Wednesday, October 22, 2014

Living for Our Children After They Are Gone


As mother’s we live for our children and we do everything for them and sometimes that even means doing to much they never learn to do for themselves. I have been guilty at times of doing too much and forgetting one basic important principle in life and that is to allow my children to make mistakes so that they can learn, grow and be able to care for themselves. I believe my daughter is the wonderful women she is today because I allowed her to go off to college and gain independence. I believe my youngest is perfectly capable of doing so much for himself because I sat back after I taught him and allowed him to do things for himself when needed. However, what can we do for the child that is gone? The child we were teaching, loving and caring for and now they are no longer here? The first Christmas without my son I was buying huge candy canes, lights and ornaments in a store to decorate his gravesite when suddenly I felt dizzy and out of breath. I believe I was having a full blown anxiety attack because I realized at that moment I can’t buy my son anything anymore. I can’t shop for him or cleanup for him or hug him, take him to school or watch him play ball anymore. I realized that all I had left was shopping for gravesite décor for the rest of my life and the over whelming thought and feelings brought me to my knees.

On my knees I prayed right then that God show me a purposed and show me some way to live with only his memory and use me to help others for him. God uses us and reveals to us in his perfect timing not ours. Everyone knows that no one grieves in the same way or at the same pace after the loss of your child. The steps of grief are like hurdles on a track so no matter where you are in your grief journey, always remember someone out there knows exactly how you feel, has made it through every hurdle and can help you. Living for our child after they die takes strength and perseverance. Depending on how your child passed you may choose to lobby for better laws, join a committee or research program, raise funds to find a cure, start your own group or chapter in the cause you feel strong about in your child’s name, start an awareness website or create a scholarship so that another teenager may have an educational gift in their memory as we did for my son. Whatever you decide to do, know that it will be with hard work but also may help you through your pain and struggles of living without them.

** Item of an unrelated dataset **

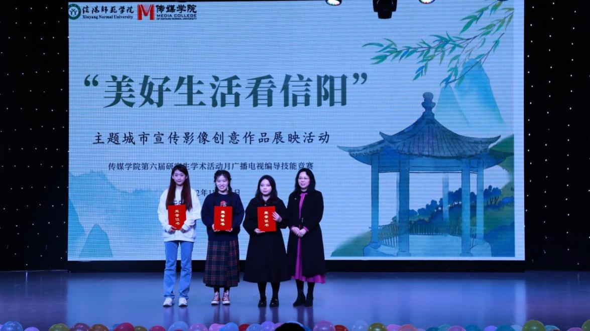 本次评选出的一等奖作品分别是《我的红城绿海》《邀你看一场师院的秋》《五味信阳》;荣获二等奖的作品有《听闻远方有信阳》《信阳好》等5部作品;获得三等奖作品分别是《美丽乡村入画来》《万水千山周游,不如品茗会友》等7部作品。本次获奖作品均为公司研究生团队的原创影像作品,每部作品都呈现了精美舒展、自然可观、烟火气十足的信阳故事和浓厚的信阳情怀,展现出信阳城市的独特魅力,也充分体现出公司研究生的卓越的专业创新能力及团队合作能力。作品展映和创意阐释结束后,到场的各位领导老师为获奖同学们颁发荣誉证书并合影留念。
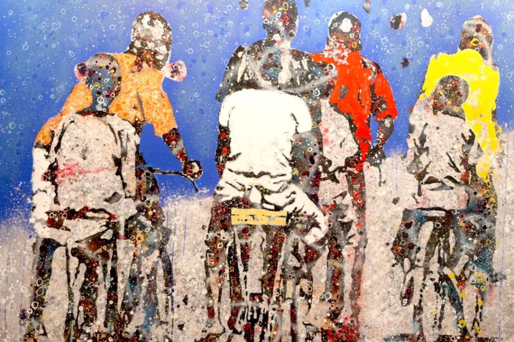 Le regard figé vers l’horizon, Gnohité scrute le néant. Ses pensées s’envolent comme des bulles. Baignées dans une tranquillité imposée par un bleu roi et des couleurs vives (jaune et rouge), il recherche en permanence un monde idéal pour les enfants. Face aux affres de la vie et aux dangers, l’horizon semble perdu pour les bambins. Du coup, il se rabat sur le passé. L’enfance, son enfance. Ce moment d’insouciance, de bonheur, de convivialité, de fraternité, d’amour vrai. Une période de cohésion, d’unité, qui rassemblait toute sorte de personnes : le sage, le surdoué, le perturbateur, le grognon, le leader, le faible, le bagarreur, le moqueur, le sale, le peureux… Les bandes d’enfants en joie, montant à plusieurs sur des bicyclettes, des partages de sourires, des provocations à tue-tête, des rires à n’en point finir.

I believe in order to be a good advocate or voice for your child you must recognize your stage of grief and your specific feelings and acknowledge your pain is normal. Pay attention to your daily thoughts and accept both the positive and the negative. You must believe in your strength and know you have a new normal life that you have to live. Participate in whatever exercise or activity that brings you peace if at all possible, get moving and get going. Your child can live on in memory and spirit through you with whatever you decide to do. Your child would not want you depressed and in tears every day. If you have other children then you’re obligated to be a mother to them. I had a girlfriend tell me onetime in my deepest darkest hour that my other children deserved the same wonderful caring mother as my son had. That really struck a chord in me and although my grief journey and struggles and will be until the day I die, I know my son is proud of me and I couldn’t and wouldn’t want to live without his approval over my life.

I wake up every day asking God for strength and allow me to touch someone in need. If you reach out and bless another, your heart will begin to heal and you will be able to look at your child’s picture on day and know you have made them so very proud.